**EXERCISE GOAL**
Make an exact copy, without pictures, of the lines below from the one containing "上图展示‘营养状况’的筛选过" to the last line, both ends included.

**DATA BELOW**
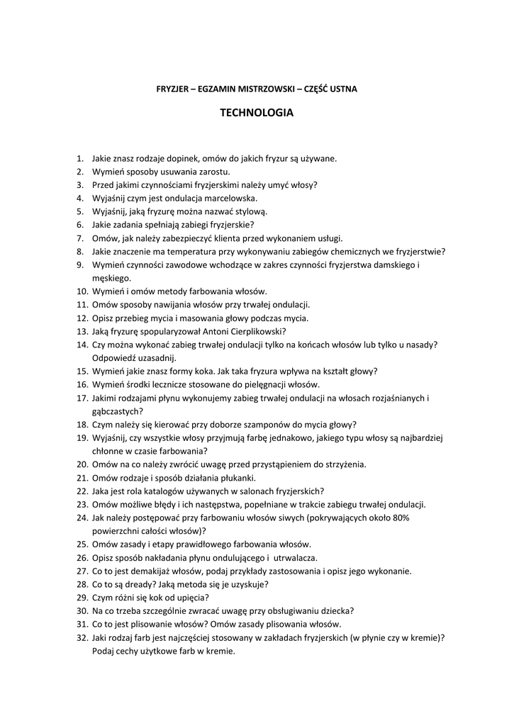 FRYZJER – EGZAMIN MISTRZOWSKI – CZĘŚĆ USTNA TECHNOLOGIA 1. 2. 3. 4. 5. 6. 7. 8. 9. 10. 11. 12. 13. 14. 15. 16. 17. 18. 19. 20. 21. 22. 23. 24. 25. 26. 27. 28. 29. 30. 31. 32. Jakie znasz rodzaje dopinek, omów do jakich fryzur są używane. Wymień sposoby usuwania zarostu. Przed jakimi czynnościami fryzjerskimi należy umyć włosy? Wyjaśnij czym jest ondulacja marcelowska. Wyjaśnij, jaką fryzurę można nazwać stylową. Jakie zadania spełniają zabiegi fryzjerskie? Omów, jak należy zabezpieczyć klienta przed wykonaniem usługi. Jakie znaczenie ma temperatura przy wykonywaniu zabiegów chemicznych we fryzjerstwie? Wymień czynności zawodowe wchodzące w zakres czynności fryzjerstwa damskiego i męskiego. Wymień i omów metody farbowania włosów. Omów sposoby nawijania włosów przy trwałej ondulacji. Opisz przebieg mycia i masowania głowy podczas mycia. Jaką fryzurę spopularyzował Antoni Cierplikowski? Czy można wykonać zabieg trwałej ondulacji tylko na końcach włosów lub tylko u nasady? Odpowiedź uzasadnij. Wymień jakie znasz formy koka. Jak taka fryzura wpływa na kształt głowy? Wymień środki lecznicze stosowane do pielęgnacji włosów. Jakimi rodzajami płynu wykonujemy zabieg trwałej ondulacji na włosach rozjaśnianych i gąbczastych? Czym należy się kierować przy doborze szamponów do mycia głowy? Wyjaśnij, czy wszystkie włosy przyjmują farbę jednakowo, jakiego typu włosy są najbardziej chłonne w czasie farbowania? Omów na co należy zwrócić uwagę przed przystąpieniem do strzyżenia. Omów rodzaje i sposób działania płukanki. Jaka jest rola katalogów używanych w salonach fryzjerskich? Omów możliwe błędy i ich następstwa, popełniane w trakcie zabiegu trwałej ondulacji. Jak należy postępować przy farbowaniu włosów siwych (pokrywających około 80% powierzchni całości włosów)? Omów zasady i etapy prawidłowego farbowania włosów. Opisz sposób nakładania płynu ondulującego i utrwalacza. Co to jest demakijaż włosów, podaj przykłady zastosowania i opisz jego wykonanie. Co to są dready? Jaką metoda się je uzyskuje? Czym różni się kok od upięcia? Na co trzeba szczególnie zwracać uwagę przy obsługiwaniu dziecka? Co to jest plisowanie włosów? Omów zasady plisowania włosów. Jaki rodzaj farb jest najczęściej stosowany w zakładach fryzjerskich (w płynie czy w kremie)? Podaj cechy użytkowe farb w kremie. 33. Czy ponad 12% roztwór nadtlenku wodoru jest wskazany przy rozjaśnianiu włosów? Uzasadnij odpowiedź. 34. Jakie znasz sposoby mycia głowy? Podaj środki służące te czynności. 35. Wymień i omów rodzaje uszkodzeń włosa. 36. Wyjaśnij dlaczego włosy zwilżone i nakręcone na wałki, po wyschnięciu zachowują skręt. Czy jest to skręt trwały? 37. Czy choroby skóry pozwalają na przeprowadzenie usługi przez fryzjera? Omów i podaj przykłady. 38. Wymień rodzaje reakcji alergicznych. 39. Omów uszkodzenia chemiczne włosa, wyjaśnij w wyniku czego powstają. 40. Omów technikę klasycznego strzyżenia damskiego „na pazia”. 41. Podaj sposoby wykonania balejażu na włosach. 42. Omów technikę strzyżenia męskiego fryzury „na jeża”. 43. Co to jest podkład rozjaśniający? Jaką mieszankę należy położyć na włosach rozjaśnionych aby otrzymać kolor ciemny brąz (poziom 3), podaj przykład? 44. Wyjaśnij, jakie błędy zostały popełnione jeżeli włosy po rozjaśnieniu wykazują odcień czerwony. 45. Jakie techniki można zastosować w pracy z długimi włosami (przy kokach, upięciach)? 46. Omów różnice między stylizacją trwałą a nietrwałą. Wymień produkty wykorzystywane podczas tworzenia linii nietrwałych. 47. Wymień i omów zawody związane z fryzjerstwem, które służą tworzeniu wizerunku człowieka. 48. Jaką czynność wykonuje fryzjer na zakończenie strzyżenia plastycznego? 49. W jaki sposób można usunąć z włosów odcień zielony? FRYZJER – EGZAMIN MISTRZOWSKI – CZĘŚĆ USTNA MASZYNOZNAWSTWO 1. 2. 3. 4. 5. 6. 7. 8. 9. 10. 11. 12. Omów budowę grzebienia do strzyżenia męskiego i cieniowania. Wymień szczotki używane w zakładzie fryzjerskim. Z jakich materiałów są produkowane? Wyjaśnij co to są klipsy i do czego są wykorzystywane we fryzjerstwie. Wymień aparaty stosowane do zabiegów fryzjerskich. Jakie znasz rodzaje nożyczek fryzjerskich? Wymień, jakie znasz rodzaje maszynek elektrycznych (do strzyżenia), omów ich przeznaczenie. Wyjaśnij, jakie mogą być skutki korzystania z uszkodzonego sprzętu fryzjerskiego. Jakie czynniki mogą spowodować nieprawidłowości w działaniu instalacji elektrycznej? Omów czym jest główka fryzjerska i do czego służy. Omów proces mycia główki fryzjerskiej. Wyjaśnij w jakim celu stosuje się uziemienie instalacji elektrycznej w zakładzie fryzjerskim. Wyjaśnij do czego możemy zastosować komputer w zakładzie fryzjerskim? 13. Podaj jakie narzędzia i przybory są potrzebne do wykonania fryzury klasycznej (damskiej i męskiej). 14. Wskaż czym różnią się wałki do trwałej ondulacji od wałków do ondulacji wodnej. 15. Jakie urządzenia sanitarne powinny znajdować się w zakładzie fryzjerskim? 16. Wyjaśnij, dlaczego nie należy wkładać ostrych narzędzi do kieszeni fartucha? 17. Opisz jak wygląda i do czego służy dyfuzor. 18. Wymień narzędzia i przybory potrzebne do wykonania farbowania. 19. Jakie narzędzia i przybory są potrzebne do wykonania zabiegu trwałej ondulacji? 20. Scharakteryzuj budowę brzytwy, omów jakie było jej znaczenie. 21. Wymień rodzaje lokówek elektrycznych. 22. Wymień rodzaje ręczników wykorzystywanych w zakładzie fryzjerskim. 23. Wymień narzędzia i przybory używane we fryzjerstwie, wykonane z tworzyw sztucznych. 24. Wymień materiały obecnie używane do produkcji grzebieni fryzjerskich. Jakie cechy grzebienia uważasz za najistotniejsze? 25. Podaj, jak nazywała się fryzura późnego rokoko, do której należy użyć
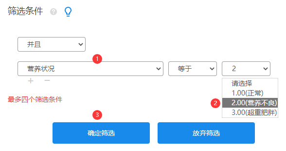 上图展示‘营养状况’的筛选过程,筛选之后,接着进行‘卡方拟合优度检验’,使用SPSSzero医学研究模块里面的‘卡方拟合优度检验’方法,操作截图如下:
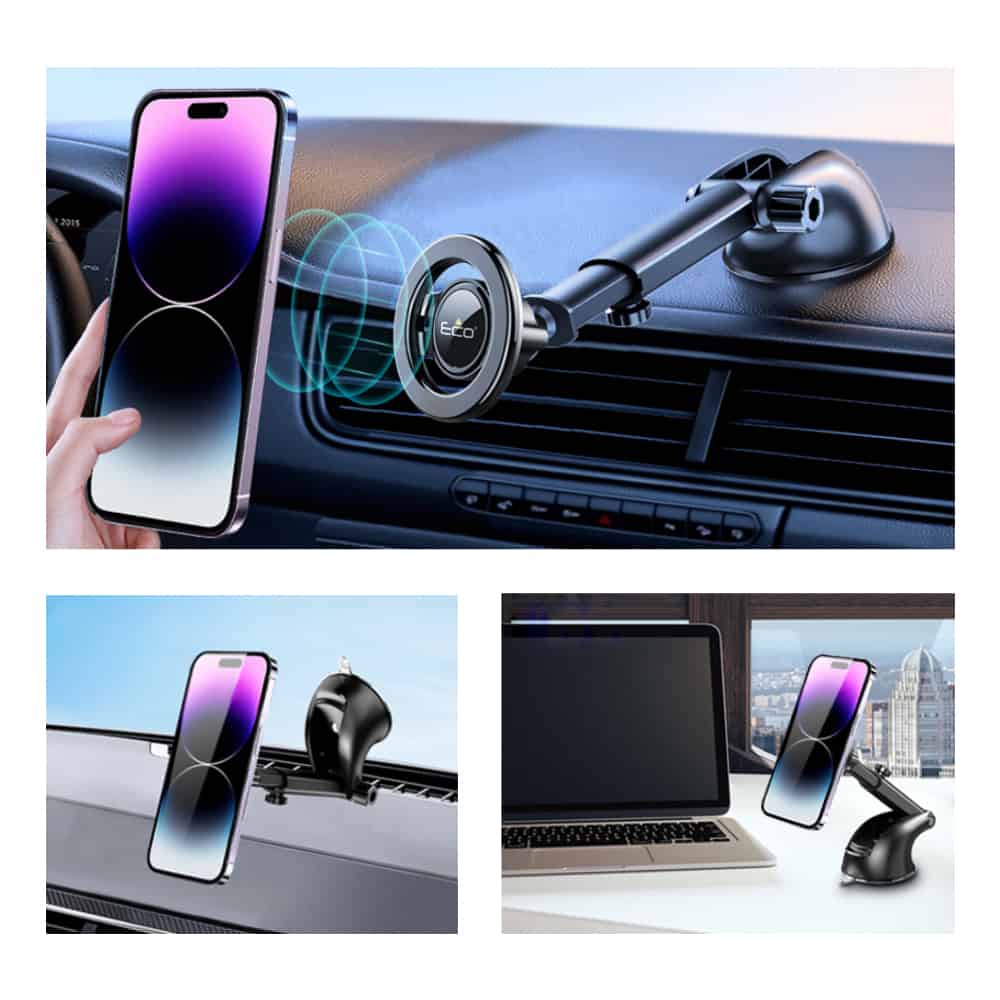 The ECO PM210 is a versatile magnetic car mount built for MagSafe® iPhones (12 and above). With a strong vacuum suction cup and an adjustable telescopic arm (113mm–167mm), it attaches securely to your dashboard or windshield for the perfect viewing angle. A powerful magnetic head (59mm wide) ensures reliable hold, while the anti-scratch finish keeps your phone safe. For users of Android or non-MagSafe® phones, the kit includes two magnetic adhesive rings for full compatibility.

**EXERCISE RESPONSE**
 上图展示‘营养状况’的筛选过程,筛选之后,接着进行‘卡方拟合优度检验’,使用SPSSzero医学研究模块里面的‘卡方拟合优度检验’方法,操作截图如下:
 The ECO PM210 is a versatile magnetic car mount built for MagSafe® iPhones (12 and above). With a strong vacuum suction cup and an adjustable telescopic arm (113mm–167mm), it attaches securely to your dashboard or windshield for the perfect viewing angle. A powerful magnetic head (59mm wide) ensures reliable hold, while the anti-scratch finish keeps your phone safe. For users of Android or non-MagSafe® phones, the kit includes two magnetic adhesive rings for full compatibility.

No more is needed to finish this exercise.